** WHAT YOU SHOULD DO **
Please copy the lines below, exactly as they are, from the one with "Construcción de objetos" through the one with "Eleonora Chair Paul", and leave out the pictures.

** EXTRACTED MATERIAL **
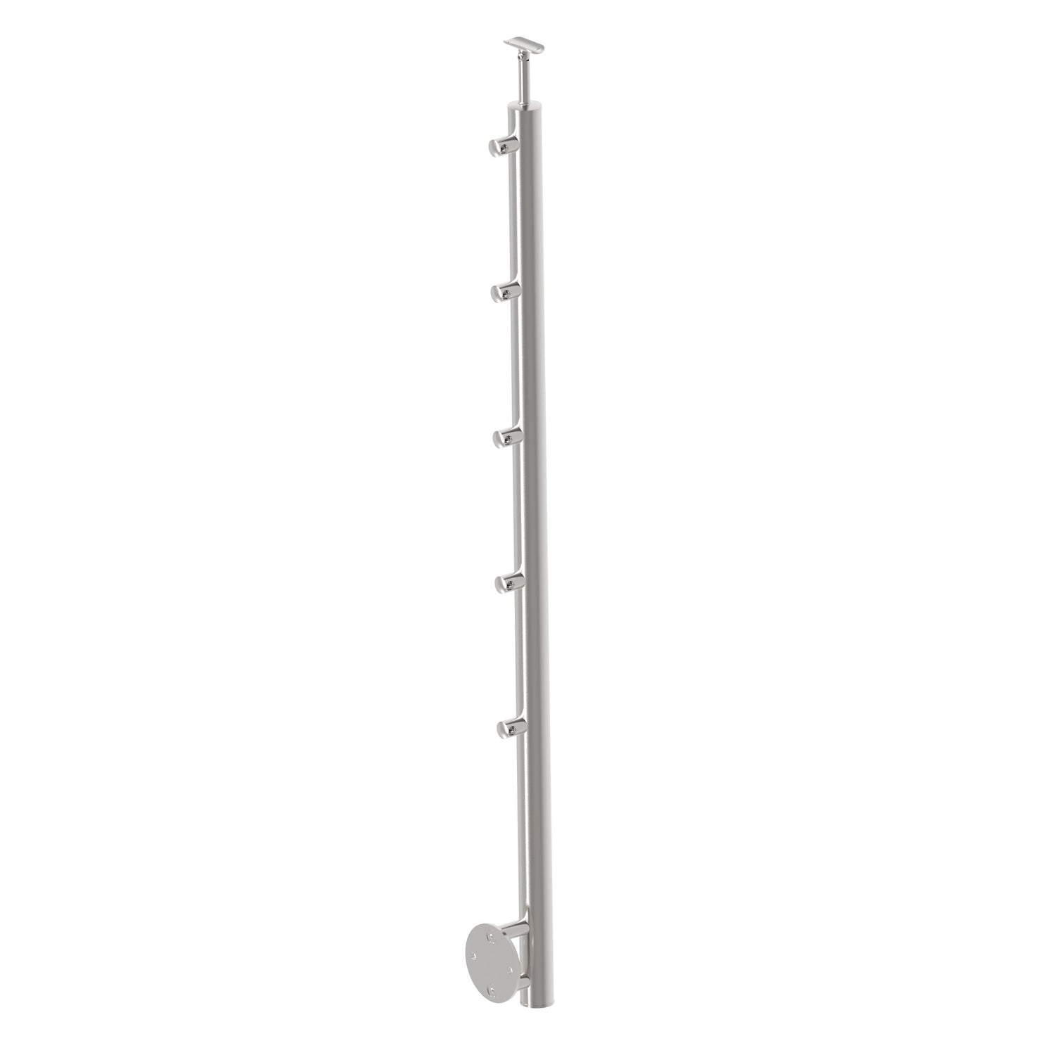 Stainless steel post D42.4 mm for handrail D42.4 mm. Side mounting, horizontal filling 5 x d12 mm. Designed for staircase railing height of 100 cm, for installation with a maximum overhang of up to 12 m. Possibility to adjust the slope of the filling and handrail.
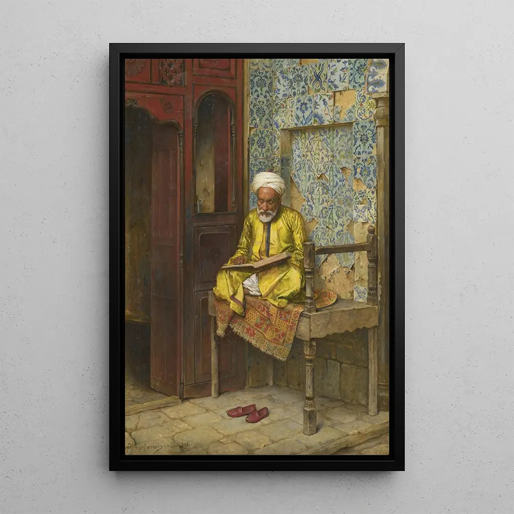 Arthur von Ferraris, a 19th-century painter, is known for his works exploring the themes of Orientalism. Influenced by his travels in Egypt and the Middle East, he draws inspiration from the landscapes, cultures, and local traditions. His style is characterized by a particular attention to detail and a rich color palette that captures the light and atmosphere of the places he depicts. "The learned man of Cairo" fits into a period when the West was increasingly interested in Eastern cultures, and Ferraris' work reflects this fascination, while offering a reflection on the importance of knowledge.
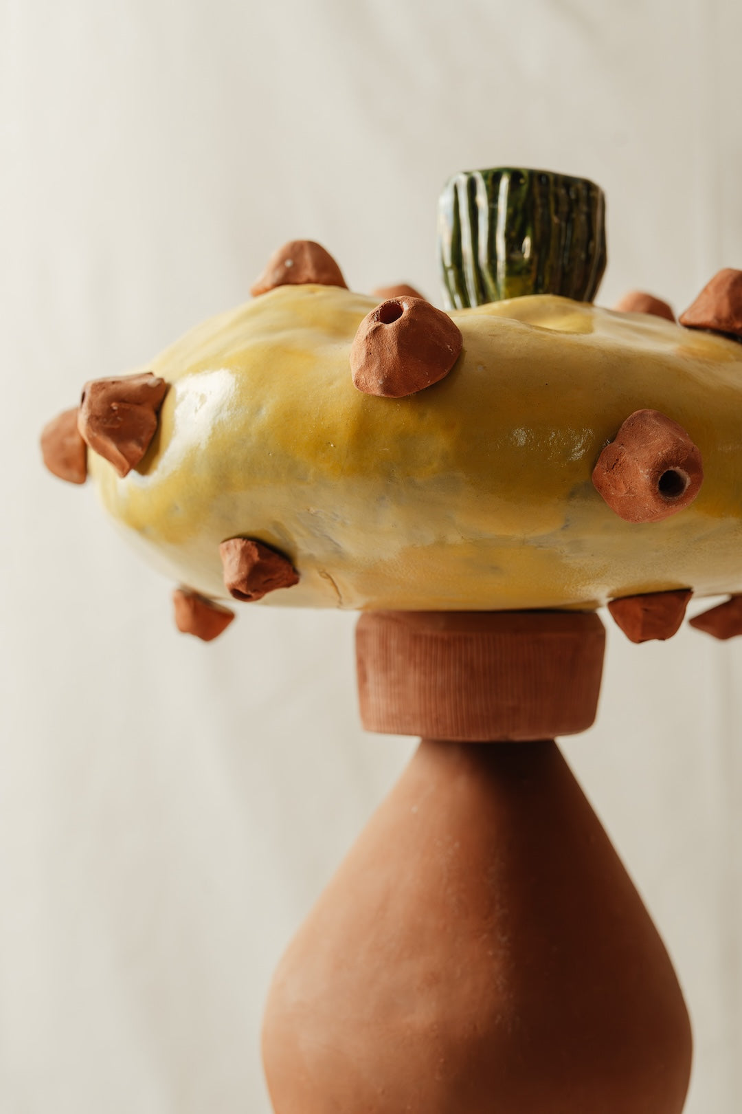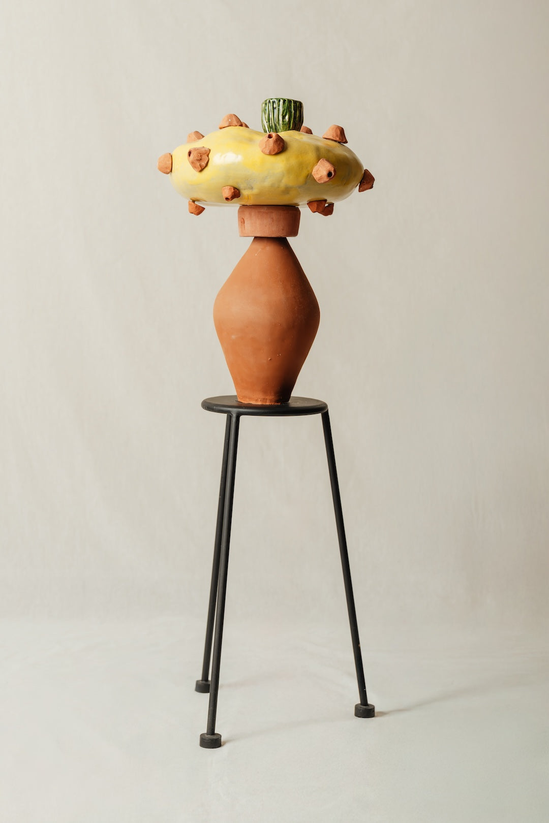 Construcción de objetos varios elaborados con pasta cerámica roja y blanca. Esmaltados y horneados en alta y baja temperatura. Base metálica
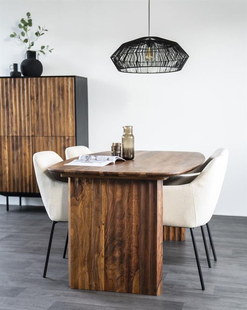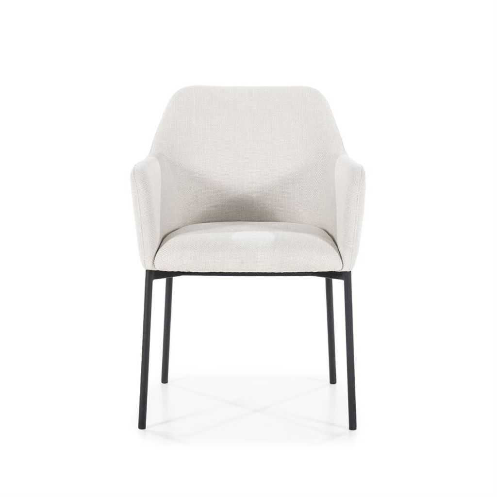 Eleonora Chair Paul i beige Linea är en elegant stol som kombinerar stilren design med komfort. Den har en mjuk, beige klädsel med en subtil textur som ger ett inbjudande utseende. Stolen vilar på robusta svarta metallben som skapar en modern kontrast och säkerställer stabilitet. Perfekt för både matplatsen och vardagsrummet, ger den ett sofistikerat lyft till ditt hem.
* * *
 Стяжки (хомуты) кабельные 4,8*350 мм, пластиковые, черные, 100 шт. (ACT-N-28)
---
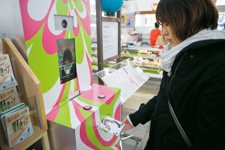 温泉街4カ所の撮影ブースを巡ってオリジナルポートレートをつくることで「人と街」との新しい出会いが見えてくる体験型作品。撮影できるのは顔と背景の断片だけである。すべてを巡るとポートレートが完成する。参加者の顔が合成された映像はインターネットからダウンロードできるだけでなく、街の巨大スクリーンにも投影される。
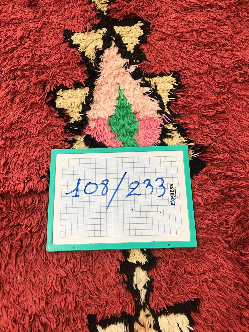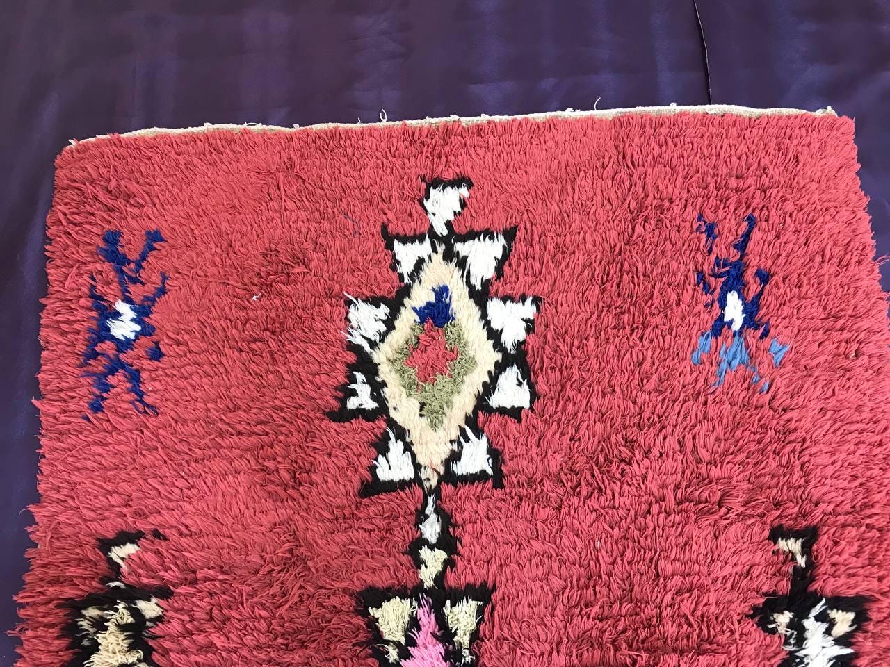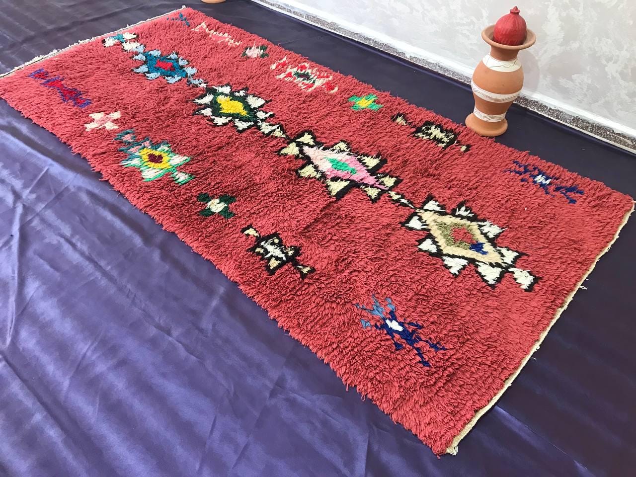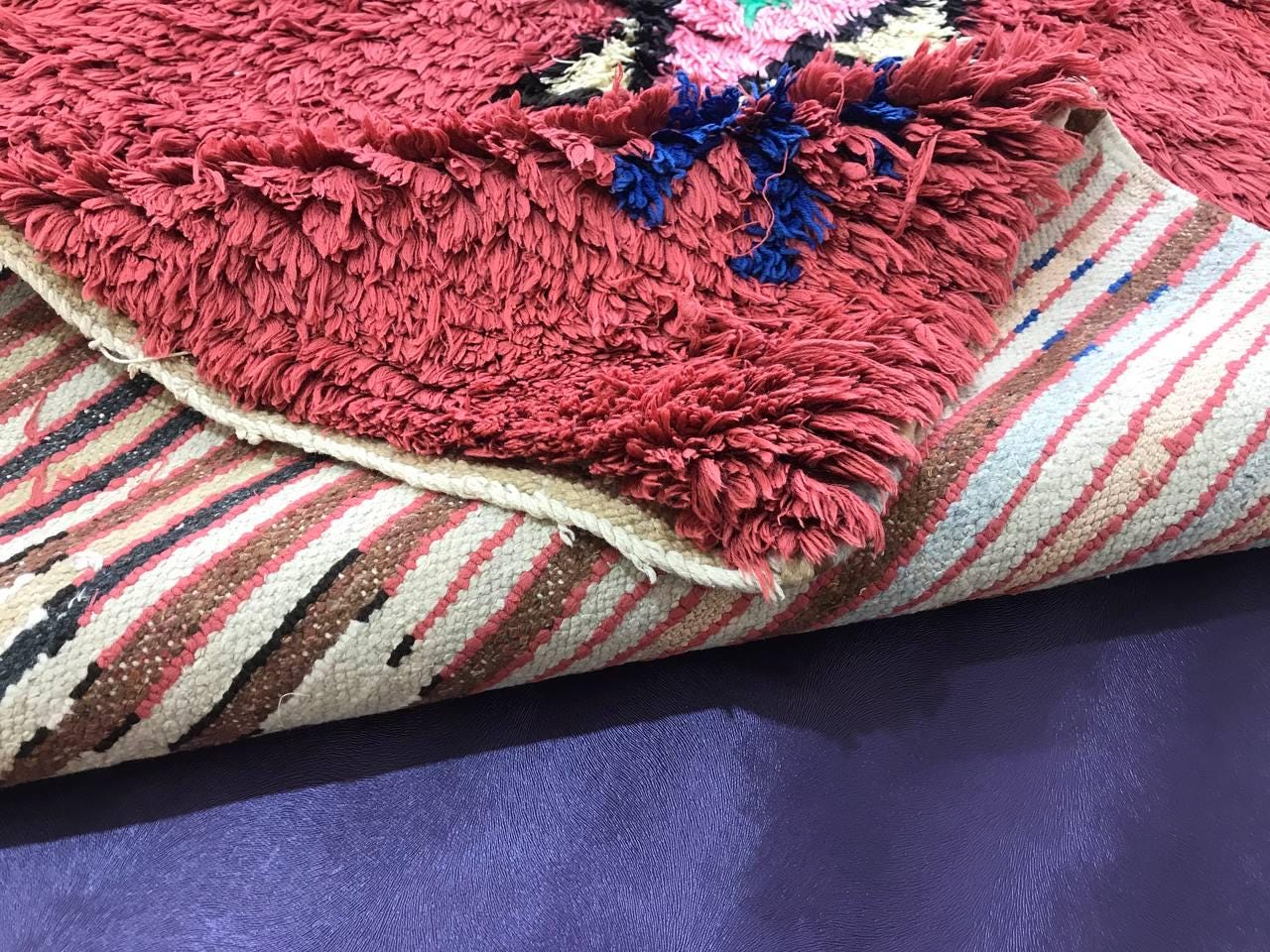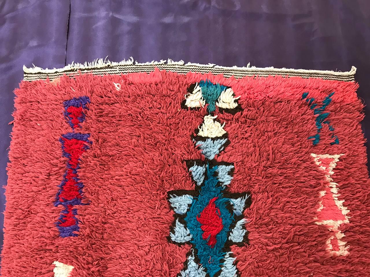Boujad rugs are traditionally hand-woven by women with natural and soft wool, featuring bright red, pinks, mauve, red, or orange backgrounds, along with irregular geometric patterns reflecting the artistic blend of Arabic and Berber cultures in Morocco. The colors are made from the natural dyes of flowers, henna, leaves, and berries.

** THE COMPLETED TASK **
 Construcción de objetos varios elaborados con pasta cerámica roja y blanca. Esmaltados y horneados en alta y baja temperatura. Base metálica
 Eleonora Chair Paul i beige Linea är en elegant stol som kombinerar stilren design med komfort. Den har en mjuk, beige klädsel med en subtil textur som ger ett inbjudande utseende. Stolen vilar på robusta svarta metallben som skapar en modern kontrast och säkerställer stabilitet. Perfekt för både matplatsen och vardagsrummet, ger den ett sofistikerat lyft till ditt hem.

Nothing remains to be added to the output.